Examples generated by AttnGAN [Blog]

bird example coco example

Creating an API

Evaluation code embedded into a callable containerized API is included in the eval\ folder.

Citing AttnGAN

If you find AttnGAN useful in your research, please consider citing:

@article{Tao18attngan,
  author    = {Tao Xu, Pengchuan Zhang, Qiuyuan Huang, Han Zhang, Zhe Gan, Xiaolei Huang, Xiaodong He},
  title     = {AttnGAN: Fine-Grained Text to Image Generation with Attentional Generative Adversarial Networks},
  Year = {2018},
  booktitle = {{CVPR}}
}

Reference

Comments
  • Telemetry key error

    Telemetry key error

    Hi, I'm getting the error on running python main.py --cfg cfg/eval_coco.yml --gpu 1

    Traceback (most recent call last):
      File "main.py", line 12, in <module>
        enable(os.environ["TELEMETRY"])
      File "/usr/lib/python2.7/UserDict.py", line 40, in __getitem__
        raise KeyError(key)
    KeyError: 'TELEMETRY'
    
    opened by sleebapaul 14
  • The inception score on coco dataset

    The inception score on coco dataset

    Hi,in my experiment,the inception score of the pretrained model on coco dataset is 16.16.Do you know why the IS is not stable?How can make the IS to 25.89?

    opened by liushanyuan18 4
  • External dataset

    External dataset

    Hey.

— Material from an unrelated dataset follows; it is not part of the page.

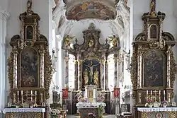Die hoch- und spätbarocke Altarausstattung ist besonders beachtenswert. Der Hochaltar ist eine geschwungene Sechs-Säulen-Architektur, die die Chorfenster miteinbezieht. Sein Schöpfer war 1756 Tassilo Zöpf. Der Auszug stammt vom Vorgängeraltar von 1693. Im Zentrum des Altars befindet sich die vollplastische Darstellung der Kreuzigung Jesu mit dem Erlöser am Kreuz und Maria und Johannes (19. Jahrhundert). Über dem stark verkröpftem Gebälk ist im volutengerahmten Auszug Gottvater mit Segensgestus und Weltkugel zu sehen. Eine Taube mit Strahlenglorie bekrönt den Altar. Auf den Gebälkstücken der äußeren Säulen sitzen hinweisende Engel.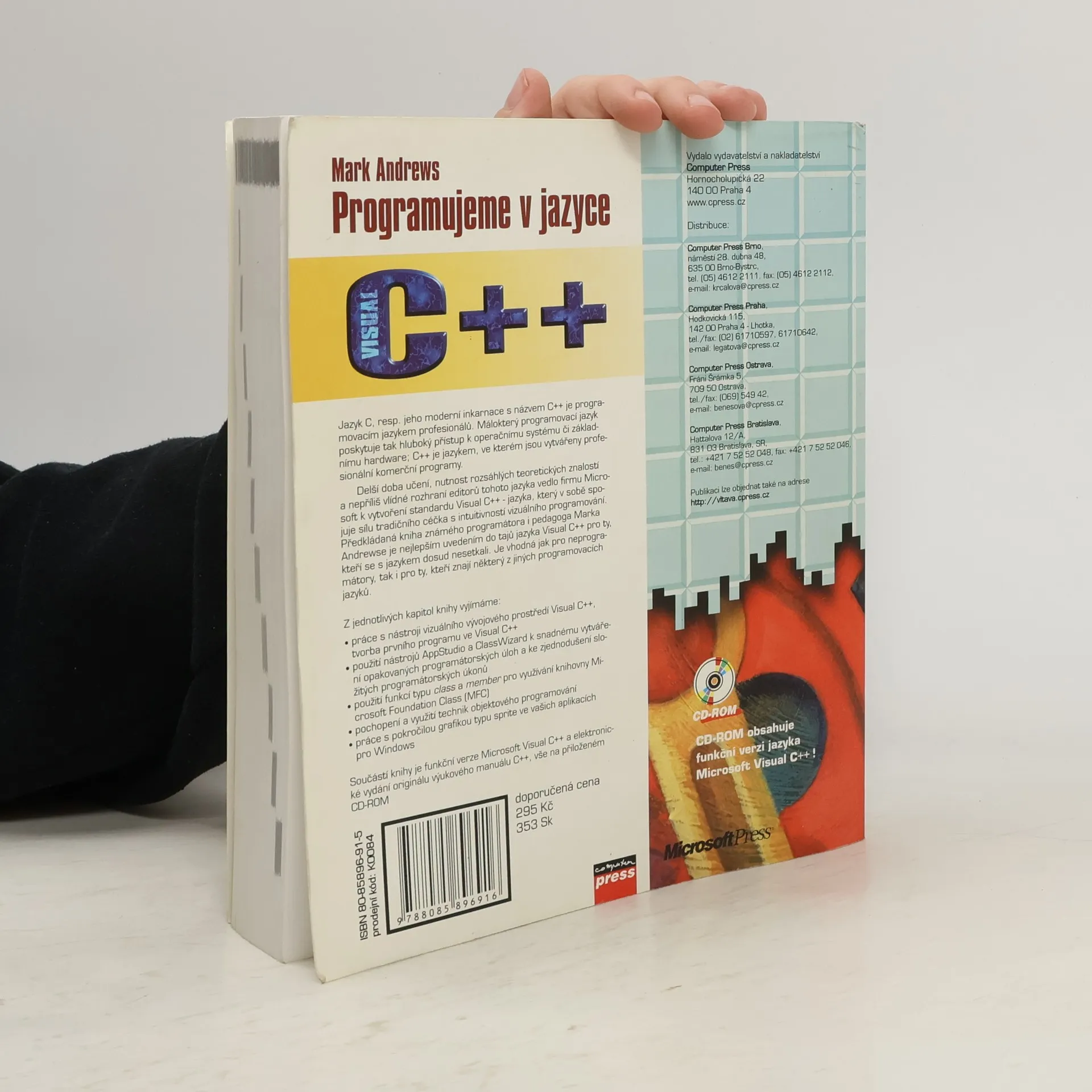Jazyk C, resp. jeho moderní inkarnace C++, je programovacím jazykem profesionálů, který poskytuje hluboký přístup k operačnímu systému a základnímu hardwaru. C++ je jazykem pro vytváření komerčních programů. Delší doba učení a náročnost teoretických znalostí vedly Microsoft k vytvoření standardu Visual C++, který kombinuje sílu tradičního C s intuitivním vizuálním programováním. Kniha od Marka Andrewse je ideálním úvodem do jazyka Visual C++ pro začátečníky i pro ty, kteří znají jiné programovací jazyky. Kapitoly zahrnují: - Práci s nástroji vizuálního vývojového prostředí Visual C++ a tvorbu prvního programu. - Použití AppStudio a ClassWizard pro usnadnění opakovaných úloh a složitých programátorských operací. - Využití funkcí typu class a member pro knihovnu Microsoft Foundation Class (MFC). - Pochopení a aplikaci technik objektového programování. - Práci s pokročilou grafikou typu sprite v aplikacích pro Windows. Kniha obsahuje funkční verzi Microsoft Visual C++ a elektronické vydání originálního výukového manuálu C++ na přiloženém CD-ROM.

First of all need to say that job and result is absolutely amazing. Thank you for your work and sharing the code with the community.

    Going through the steps to run your code with your data is quite easy and I get the same result as yours. But when i try to figure out how to test your architecture on external data i faced the issue of preprocessed metadata for each dataset you work with.

    So can you please list some steps on how to feed some external data (aka bunch of images with captions) to your model (including pretraining DAMSM and embedding vectors). Suppose this is will be very useful information to expand your research on broad spheres.

    opened by ZhukIvan 3
  • Discriminator loss function differs from paper?

    Discriminator loss function differs from paper?

    Can someone explain what the function of cond_wrong_errD is in the discriminator loss function? It seems not a part of the discriminator loss mentioned in the paper (Eq. 5). Also, it does not make sense to me. Why ignore the last entry in the batch?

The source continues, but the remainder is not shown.